Eliminate the death penalty

BY E.R. SHIPP

ershipp2003@hotmail.com

Optimists should be heartened by last week's U.S. Supreme Court ruling outlawing capital punishment for juveniles, which noted this country's ''evolving sense of decency'' on the issue of executing minors. That's good news. But an ''evolving sense of decency'' means that the death penalty itself, relic of a more bestial, less enlightened past, no longer has a place here or anywhere else.

The court, by a single vote, decided a case challenging the constitutionality of executing people who committed their crimes at 16 or 17. The majority recognized that on this issue, America has been both isolated and hypocritical compared with other nations. ''It is fair to say that the United States now stands alone in a world that has turned its face against the juvenile death penalty,'' Justice Anthony Kennedy wrote for the majority.

According to Citizens United for Alternatives to the Death Penalty, 226 juveniles have been sentenced to death since 1976. Last week's ruling spared 72 remaining on Death Row, and forced prosecutors to rethink pending cases, including those against Lee Malvo, who as a teen joined John Muhammad in a D.C.-area shooting spree. Muhammad was sentenced to die, but Malvo got life in Virginia; Louisiana and Alabama prosecutors were weighing capital charges against him.

The issue, though, isn't whether to execute or free Malvo, or the man whose case the high court decided, Christopher Simmons, who at 17 killed a woman in Missouri. Long terms, even with no parole, are fine with me in the most heinous cases.

For those methodically working against the death penalty and for more reasonable solutions, it's ''Where do we go from here?'' A few years ago the Supreme Court banned executions of the mentally retarded. What about the mentally ill? Some 10 percent of those on U.S. Death Rows suffer from severe mental illness, and up to a dozen are executed each year, says David Elliott, of the National Coalition to Abolish the Death Penalty.

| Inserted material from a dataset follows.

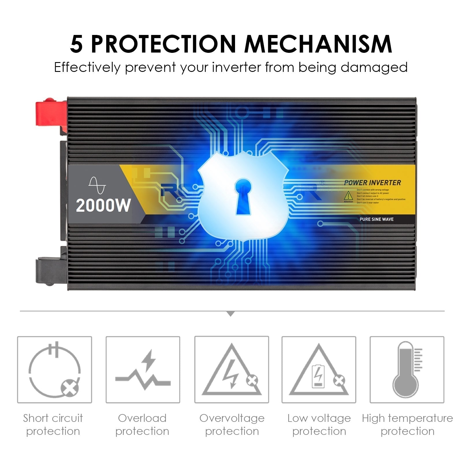 ROCKSOLAR 2000W 12V Pure Sine Wave Power Inverter – Off-Grid AC Converter for RV & Backup

There is also a need to revisit the issue of racial disparities in the meting out of death sentences, and to address the competency of lawyers for many defendants who end up on Death Row.

The main path to abolition of the death penalty, however, runs through the statehouses. As ''favorable as this ruling was, the center of gravity has shifted from the Supreme Court to the state legislatures,'' Elliott says.

I am optimistic that in my lifetime, the day will arrive when that ''evolving sense of decency'' means complete elimination of capital punishment.